Primary structure is the sequence of amino acid residues in a protein chain. When the amino acids bind to become proteins, they lose a hydrogen from the amino group and a hydroxide ion from the carboxylic acid group through dehydration synthesis. The amino acids are called residues because when a peptide bond is formed by dehydration synthesis, a molecule of water leaves the newly formed peptide, leaving behind dehydrated versions, or residues, of the amino acids bonding. There are 20 main varieties of amino acid, which differ only in their sidechain (sometimes called an "R group"). Each amino acid is known by three names - the full name, usually derived from what the amino acid was first isolated from; the three-letter abbreviation; and a one-letter abbreviation. For example, tyrosine (from Greek tyros for cheese) is also known as Tyr and Y.

The 20 major amino acid sidechains. For a PDF version: File:AASK Sidechain List.pdf

The central carbon to which the carboxylic acid, amine, and R-group is bound serves as a chiral center, meaning that amino acids can exist in two different forms, the L-enantiomer and the D-enantiomer. The L-enantiomer is by far the most prevalent form in nature. It is important to remember that since enantiomers are not superimposable, D-enantiomers cannot substitute L-enantiomers in function.

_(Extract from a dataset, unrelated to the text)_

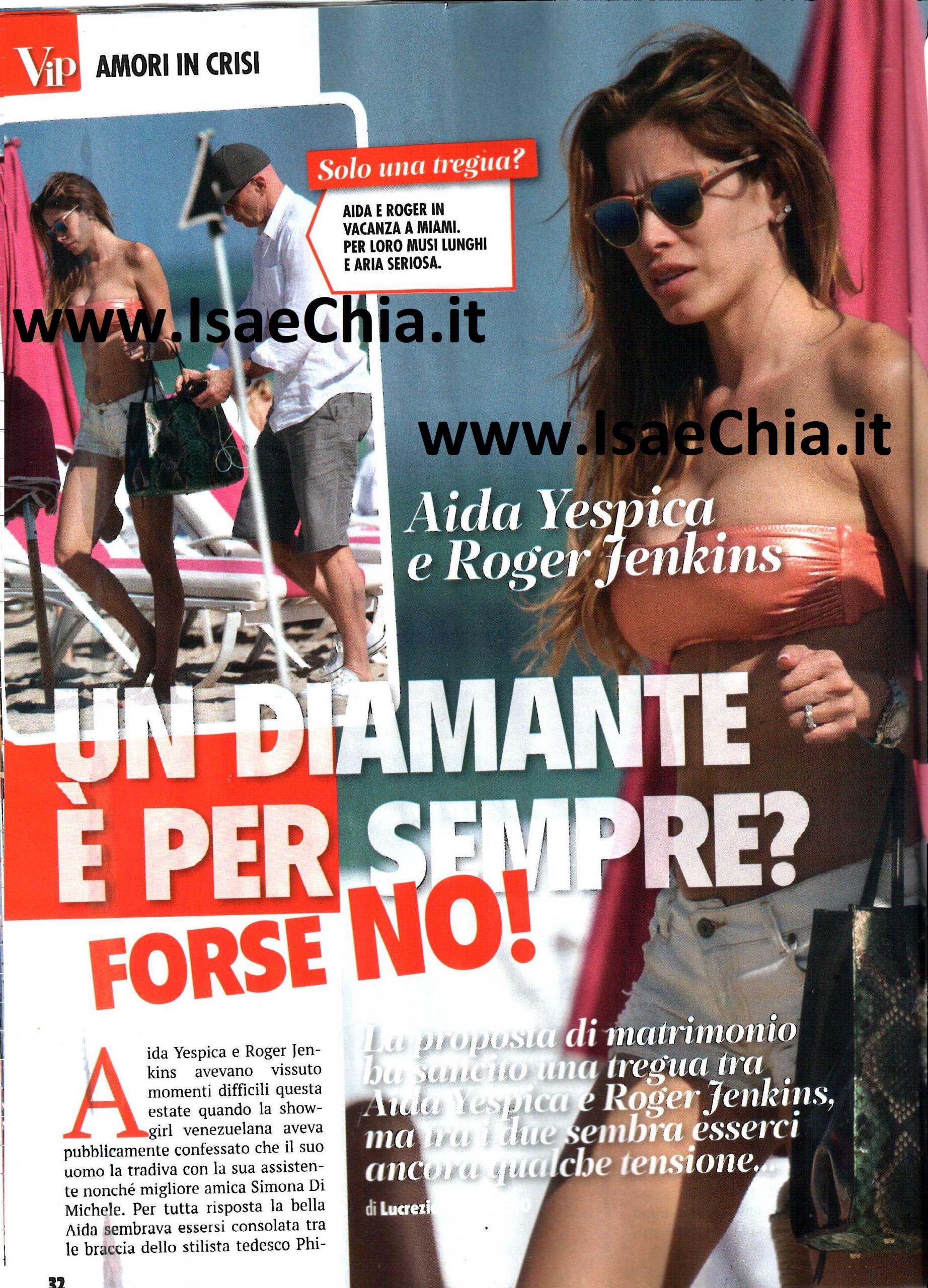 Non sembra proprio riuscire a trovare una stabilità in amore la bellissima Aida Yespica. Recentemente, infatti, l’ex naufraga aveva pubblicamente confessato che il suo uomo, Roger Jenkins, la tradiva con la sua amica Simona Di Michele. Di tutta risposta, la showgirl venezuelana si era consolata tra le braccia dello stilista tedesco Philipp Plein. Ma pare che la guerra sia durata poco: Jenkins, infatti, sarebbe tornato pentito all’ovile con uno splendido dono per la sua amata: un anello di fidanzamento. Ecco le foto di Aida, tanto per cambiare in vacanza al mare a Miami, in costume da bagno, shorts e…tanto di brillocco! I due non sembrano affiatati, ma piuttosto tesi e Aida è distratta sempre dal suo cellulare. Le nozze sono state annunciate, ma la verità è che un anello non basta per arrivarci!

Amino acids are zwitterions, which are neutral species that can carry both a positive and a negative charge. In solution, the proton on the carboxylic acid end will generally dissociate and protonate the amine end, creating a negative charge on the newly formed carboxylate end and a positive charge on the amine end. This protonation and deprotonation is pH dependent, so the charges of amino acids can change over a pH range, one of the reasons why altering pH of a protein can affect the activity of the protein.

Different residue sidechains have different properties. One of the most important properties of an amino acid is its polarity, which is highly dependent on the sidechain. Polar functional groups (hydroxides, amines, sulfhydryls) as well as charged functional groups increase the polarity of an amino acid, while the lack of these functional groups decreases polarity. Polarity is a major factor in determining hydrophobicity. Water is highly polar and will interact via intermolecular attractions with other polar molecules, so polar amino acids are hydrophillic. In contrast, water does not interact much with nonpolar molecules, so nonpolar amino acids are generally hydrophobic.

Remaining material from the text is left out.